Abstract

Molecular mechanics and dynamics simulations use distance based cutoff approximations for faster computation of pairwise van der Waals and electrostatic energy terms. These approximations traditionally use a precalculated and periodically updated list of interacting atom pairs, known as the “nonbonded neighborhood lists” or nblists, in order to reduce the overhead of finding atom pairs that are within distance cutoff. The size of nblists grows linearly with the number of atoms in the system and superlinearly with the distance cutoff, and as a result, they require significant amount of memory for large molecular systems. The high space usage leads to poor cache performance, which slows computation for large distance cutoffs. Also, the high cost of updates means that one cannot afford to keep the data structure always synchronized with the configuration of the molecules when efficiency is at stake. We propose a dynamic octree data structure for implicit maintenance of nblists using space linear in the number of atoms but independent of the distance cutoff.

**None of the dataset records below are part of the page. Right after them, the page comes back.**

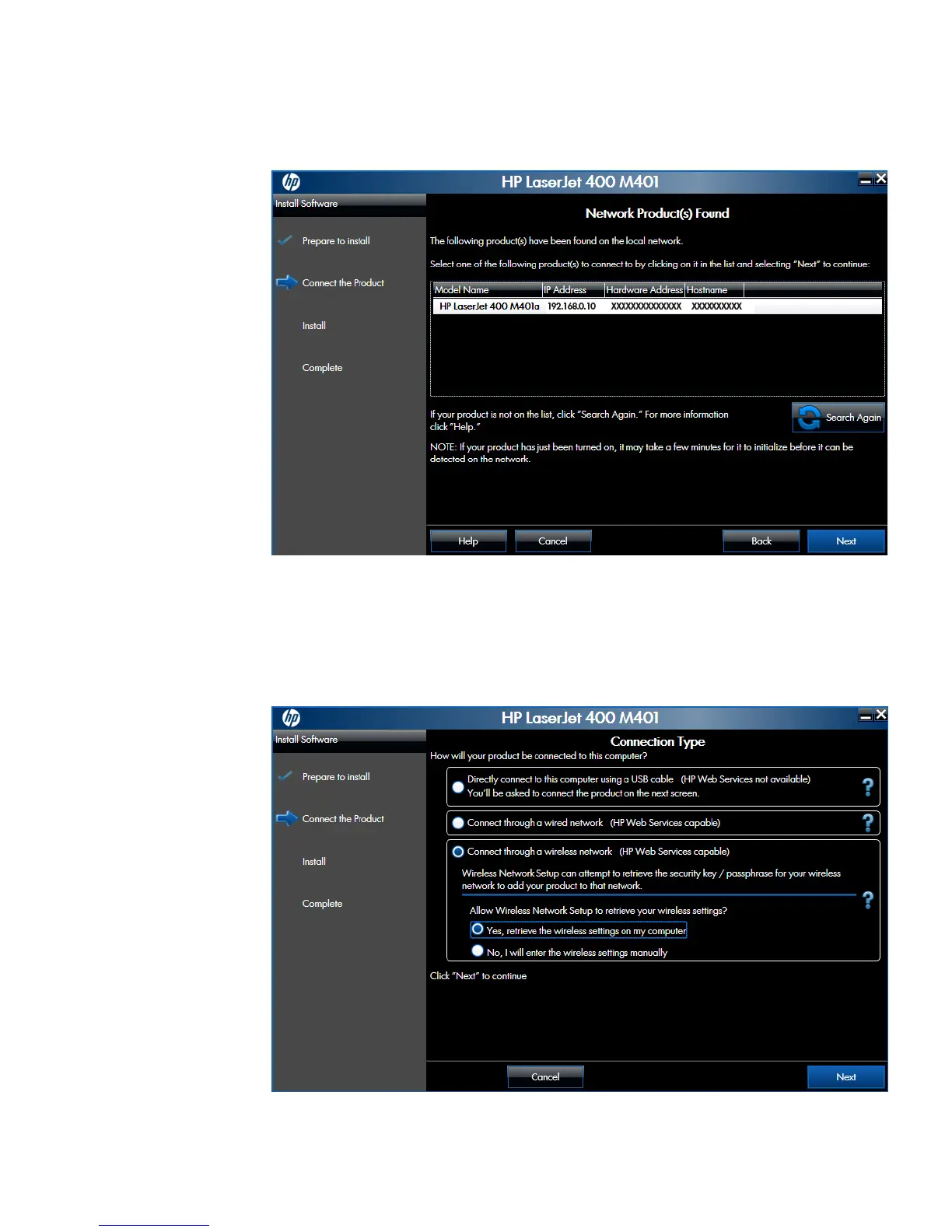 Figure 2-57 Software installation — Connection Type screen for wireless connected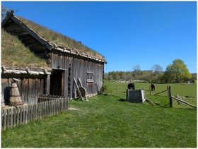 A picturesque rural scene with a wooden farmhouse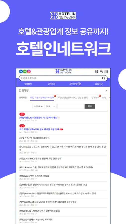 호텔을 기반으로 리조트, 골프클럽, 카지노, MICE. 미쉐린 레스토랑, 외식, 여행사, 학교 등 호텔&관광 전문 직무 중심 채용 플랫폼입니다.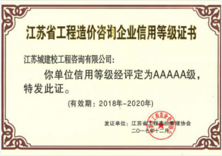 江蘇省工程造價(jià)咨詢企業(yè)信用等級(jí)證書(shū)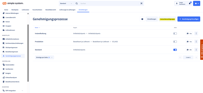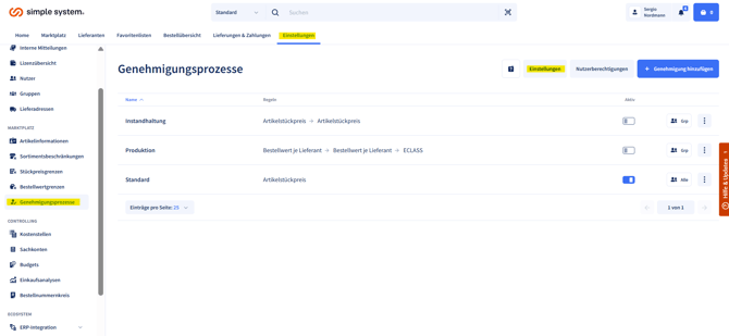 Mit Genehmigungsprozessen können Sie Bestellungen Ihrer Nutzer genehmigen lassen, bevor sie an den Lieferanten weitergeleitet werden. Sie können verschiedene Kriterien (Regeln) definieren, die eine Bestellanfrage in den Genehmigungsprozess eintreten lassen. Wenn eine Bestellanfrage die Regeln erfüllt, wird diese bis zur Genehmigung zurückgehalten. Hierbei können auch mehrere Instanzen bzw. Regeln in einem Prozess hintereinander geschaltet werden.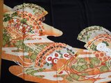 繊細で美しく、上品で華々しい扇が奏で長れる、素敵なアンティーク着物をほどいて、画像デザインのフォーマルワンピースをお作りいたします。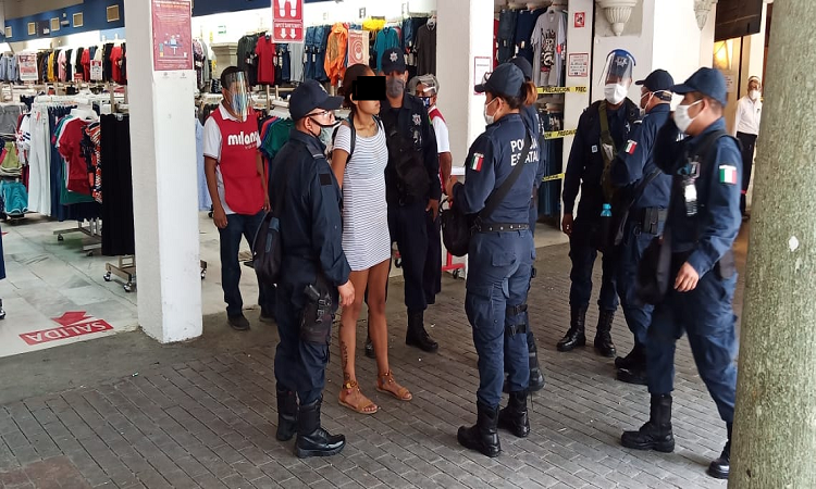 Tras esta situación, personal de la tienda solicitaron auxilio de la policía municipal quien logró la detención de la joven.
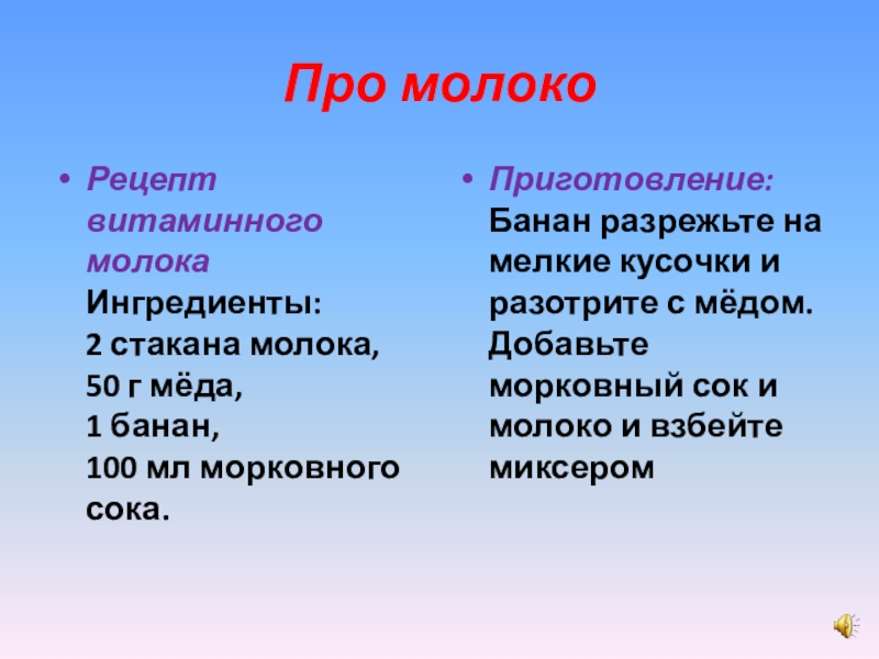 Банан разрежьте на мелкие кусочки и разотрите с мёдом. Добавьте морковный сок и молоко и взбейте миксером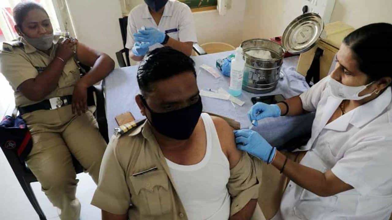 બૂસ્ટર ડોઝ મેળવી રહેલા પોલીસકર્મીઓ
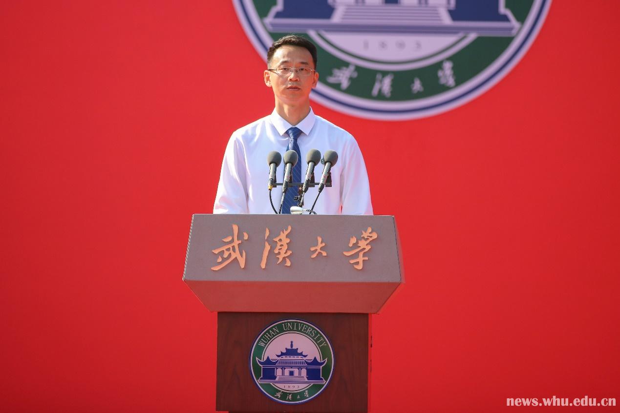 教师代表、物理科学与技术学院肖湘衡教授,在武汉大学求学、成才、成家、立业,是一位有着24年武大经历的珞珈山“资深山民”。他向萌新们介绍了自己心中的珞珈山:一座“大师之山”,秉承一代又一代珞珈山学人积淀,今天的我们才能在光风霁月中砥砺前行;一座“人文之山”,珞珈山培养的学生从来不只是为了个人的谋生,她塑造的是“文化的人”,而非“工具的人”;一座“精神之山”,珞珈山下一段青春,强国路上一生奋斗,便是珞珈精神的深切蕴含。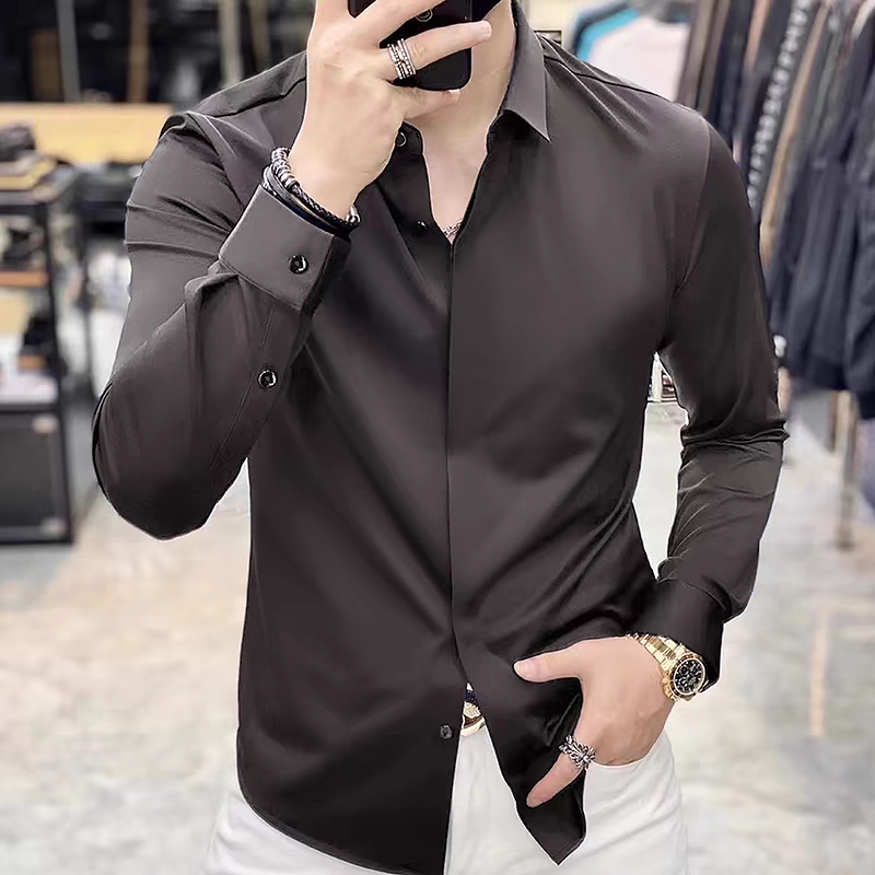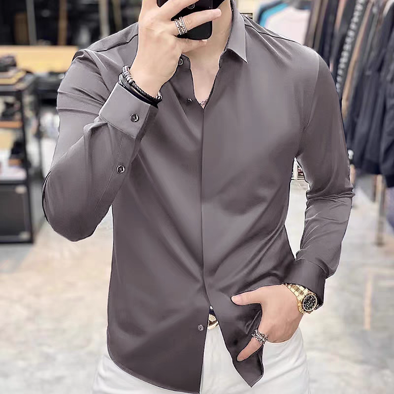 时尚 百搭长袖 商务工装 高弹免烫 衬衣 新款 罗蒙男士 2025秋季 衬衫
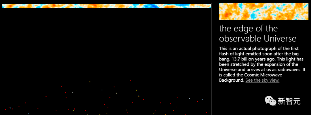 地图的顶部,是137亿年前大爆炸后不久发出的第一次辐射闪光,被称为「宇宙微波背景」。

The list can be updated very efficiently as the coordinates of atoms change during the simulation. Unlike explicit nblists, a single octree works for all distance cutoffs. In addition, octree is a cache-friendly data structure, and hence, it is less prone to cache miss slowdowns on modern memory hierarchies than nblists. Octrees use almost 2 orders of magnitude less memory, which is crucial for simulation of large systems, and while they are comparable in performance to nblists when the distance cutoff is small, they outperform nblists for larger systems and large cutoffs. Our tests show that octree implementation is approximately 1.5 times faster in practical use case scenarios as compared to nblists.
The most memory and time-consuming step in molecular mechanics and molecular dynamics simulations is the calculation of the nonbonded terms in the energy function,1 which requires summations of pairwise van der Waals and electrostatics interactions. The computation times for these summations are proportional to the number of interacting pairs of atoms, which grows quadratically with the total number of atoms in the molecular system. However, since the interactions decay with distance, distance-based truncation (cutoff) approximations are widely used in practice to trade-off accuracy for speed, reducing the overall computation time to a linear (or nearly linear) function of the number of atoms.2 These cutoff approximations have traditionally been handled through initially determined and periodically updated list of interacting atomic pairs—the so-called nonbonded neighborhood lists(3) or nblists. The efficiency of molecular simulations is thus critically dependent on the space- and time-efficient maintenance of nblists. In the past, this efficiency had been achieved by dividing the system into smaller regions based on cutoff distance4 or chemical connectivity5 or the “By-Clusters-in-Cubes” (BYCC) method.1 The BYCC method combines the connectivity and spatial separation criteria by clustering atoms of the molecular system. This clustering, however, is done only once at the beginning of the molecular simulation. The resulting clusters are then placed inside a cubic grid with the dimension of each grid cell being roughly equal to the nblist’s cutoff distance plus the maximum cluster size. This cubic division facilitates search through the occupied neighboring cubes to determine the list of interacting pairs of atoms. The BYCC method through its reliance on cluster–cluster pairwise distances (rather than pairwise atomic distances) is much faster than its predecessors.4,5 The efficiency of the clustering step of BYCC, based on connectivity is obviously higher for larger molecules. Since here we are interested in simulation of the macromolecular systems (e.g., several protein chains), we use BYCC as a comparison benchmark. Explicit nblists can also be constructed using dynamic packing grids,6 as well as binary hierarchy approaches.7 However, explicit nblists have high space requirement, poor cache performance, high update cost, and need to be regenerated explicitly for different distance cutoffs, problems that we now solve effectively in our new approach.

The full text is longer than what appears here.